Finding Covid-19 in the Water

Published: August 14, 2020

Queensborough research helps identify elusive asymptomatic virus carriers

Monica Trujillo maneuvered her car through Tropical Storm Isaias’ high winds and relentless, determined to uncover more about COVID-19 and its lasting widespread impact on New York City and Westchester County.

The bacterial specialist and Associate Professor at Queensborough Community College was gathering liters full of deep-well influx wastewater from local treatment facilities, including Newtown Creek between Queens and Brooklyn. She and colleagues from Queens College and The New School are testing samples for the SARS-CoV-2 virus as the city tries to better understand how communities are being affected by the deadly disease.

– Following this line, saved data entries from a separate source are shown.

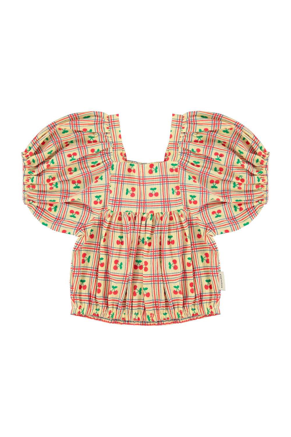 cropped blouse w/ baloon sleeves | light yellow w/ cherries allover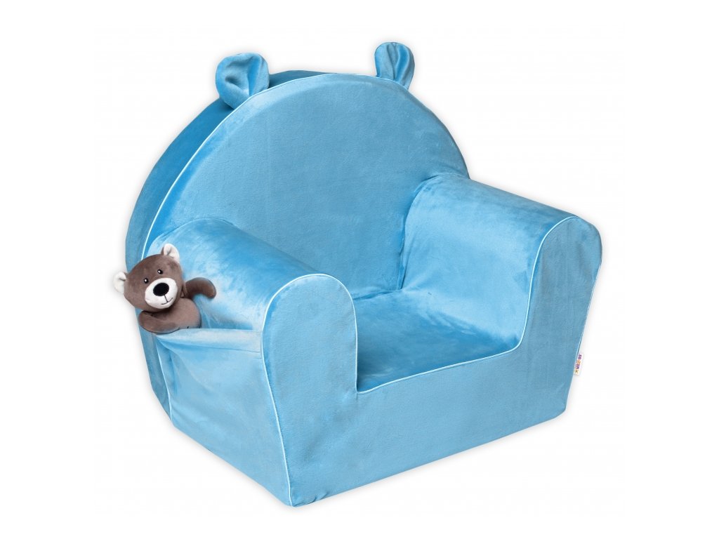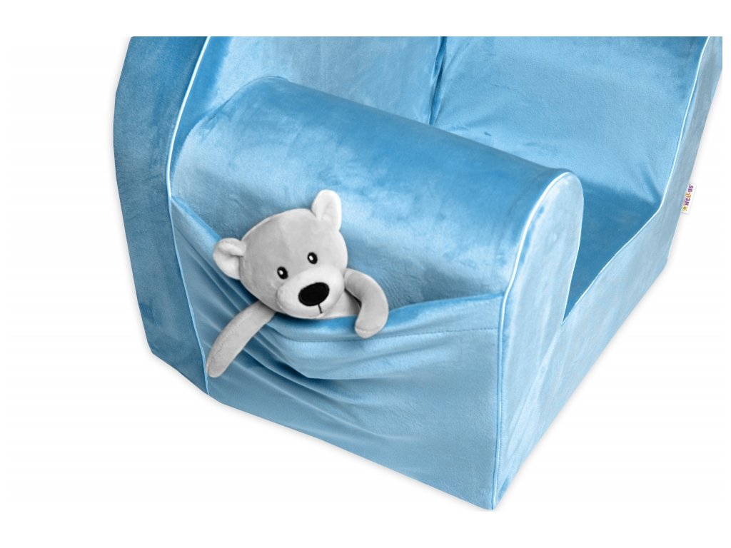 Křesílko Teddy velvet s boční kapsou - Modrá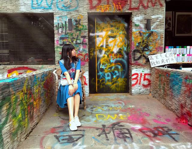 走过这个地方之后有一个小门洞,过去之后就是另外一番天地了。这里有点像过去的厂房,门上和墙上有很多涂鸦,很适合拍照哦。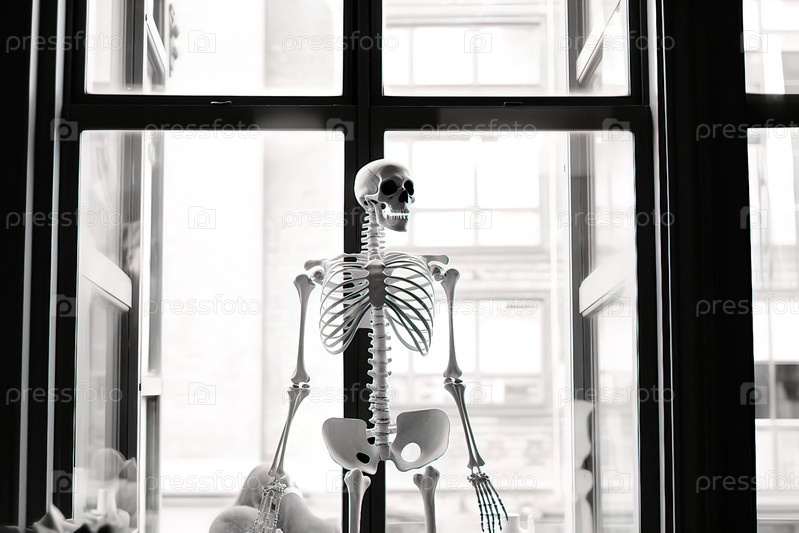 Макет человеческого скелета в кабинете врача в клинике без людей генеративный ИИ иллюстрация высокого качества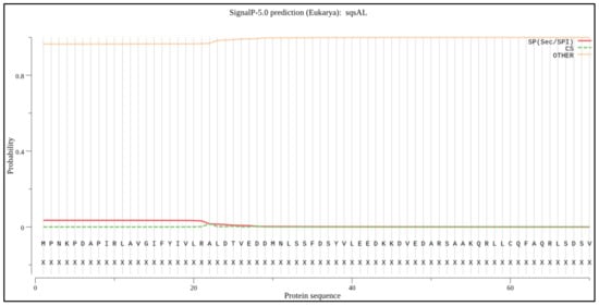 The signal peptide prediction was performed using SignalP 5.0 (https://services.healthtech.dtu.dk/service.php?SignalP-5.0, accessed on 28 November 2021). The output from the analysis, as shown in Figure 4, shows different scores for amino acid sequences. As shown in Figure 4, no signal peptide was predicted with an above-threshold value in the selected sequences, which were similar to previous studies [27]. The peroxisome targeting signal 1 (PTS1; SKL AA position 369 to 371) and 2 (PTS2; AA position 327, 330, 344, and 348) were observed at the C-terminal domain as previously identified for SQS from Aurantiochytrium sp. KRS101 as a possible anchor to the membrane [15].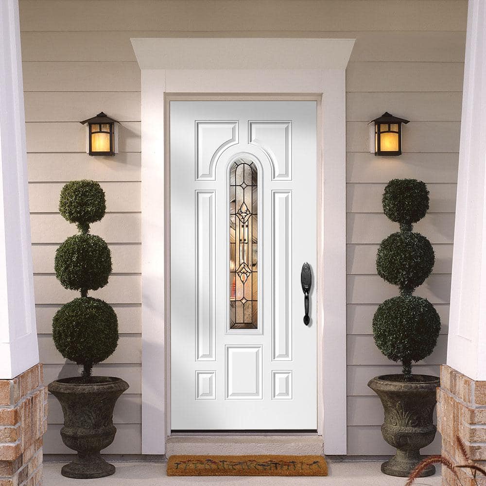 Enjoy the strength of steel and the elegance of decorative, center-arch glass with this primed white Masonite Providence prehung exterior door. Built with triple-pane insulated glass and wood frame with brickmold, it arrives ready to install and paint for a secure, stylish entry.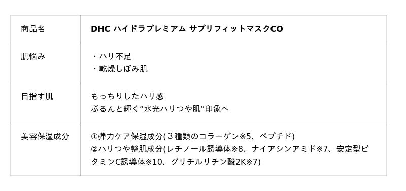 「DHCハイドラプレミアム サプリフィットマスク」は、美容保湿成分の配合設計からシート素材にいたるまで、“肌への届け方”にこだわって開発したシートマスクです。美容保湿成分には、肌悩みに応えるコア成分と、その働きを支えるサポート成分を組み合わせ、透明感※2ケアを意識した「ビタミンC※3」、肌荒れ・ゆらぎケアに着目した「セラミド※4」、ハリと弾力をサポートする「コラーゲン※5」の3つのラインナップを用意。さらに、シートと肌の間に“うるおい保水膜”を形成する独自構造により、美容保湿成分が肌に吸着するように密着。角質層まで惜しみなく届け、毎日のスキンケアに心地よいうるおいの実感をもたらします。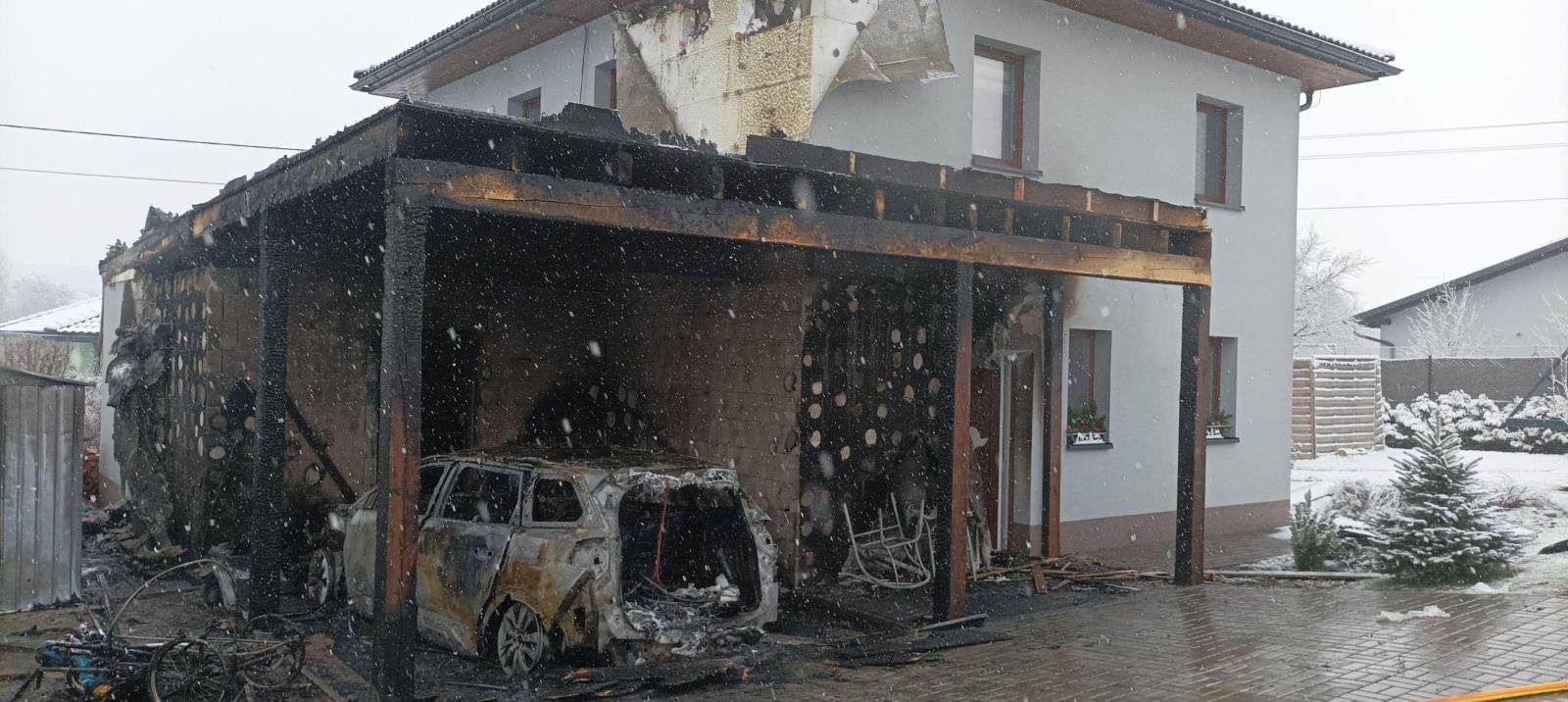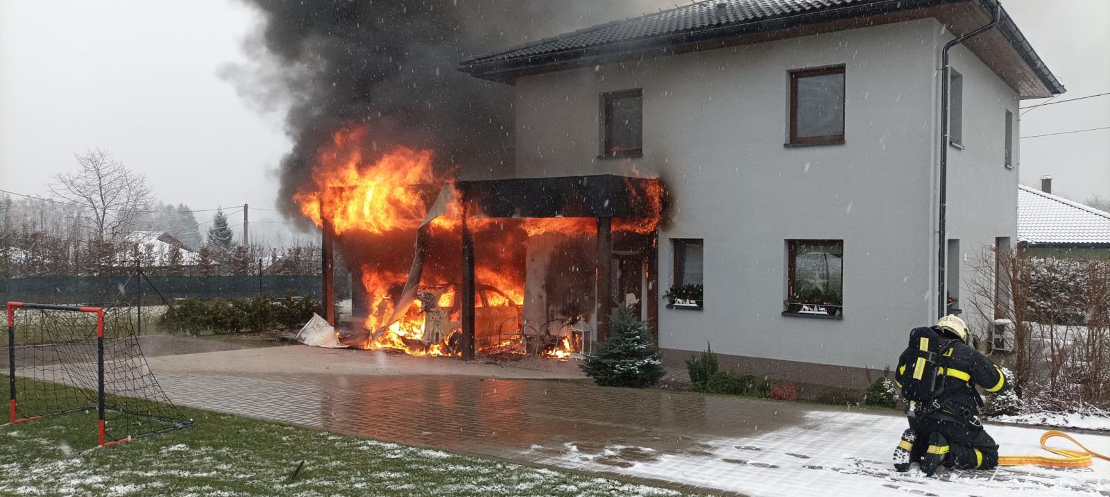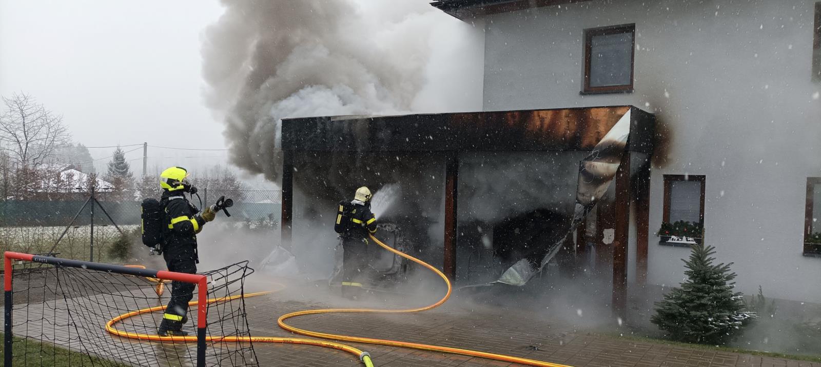 Jelikož se požár rozšířil z přístavku se zaparkovaným automobilem, který byl ohněm kompletně zničen, na vedlejší technickou plechovou místnost a dále se začal šířit i pod zateplení rodinného domu, nasadili hasiči k likvidaci plamenů tři vodní proudy. Vnitřkem budovy pak hlídali, aby se oheň nedostal do útrob rodinného domu.

“We are looking for evidence of varying infection rates among different neighborhoods to understand the environmental and societal conditions that influence the transmission of the virus,” Dr. Trujillo said, enroute to Newtown Creek.

“This method will help provide public health and other officials an overall view of the spread of COVID-19 because we are able to measure and calculate approximately how many people are infected, including those elusive asymptomatic carriers since everyone contributes to wastewater – this is very powerful research and of huge interest to everyone,” she said.

Dr. Monica Trujillo (right) is looking for evidence of COVID-19 in New York City area wastewater. Dr. Trujillo retrieved samples from the Newtown Creek Wastewater Treatment Plant in Greenpoint, Brooklyn

Queensborough Community College Associate Professor Dr. Monica Trujillo (right) is looking for evidence of COVID-19 in New York City area wastewater. Dr. Trujillo retrieved samples from the Newtown Creek Wastewater Treatment Plant in Greenpoint, Brooklyn, in early August.

The project was initiated in May with the New York City Department of Environmental Protection and the Westchester County Department of Environmental Facilities. Weekly sampling from their combined 21 sewage treatment plants and testing will likely continue through 2021.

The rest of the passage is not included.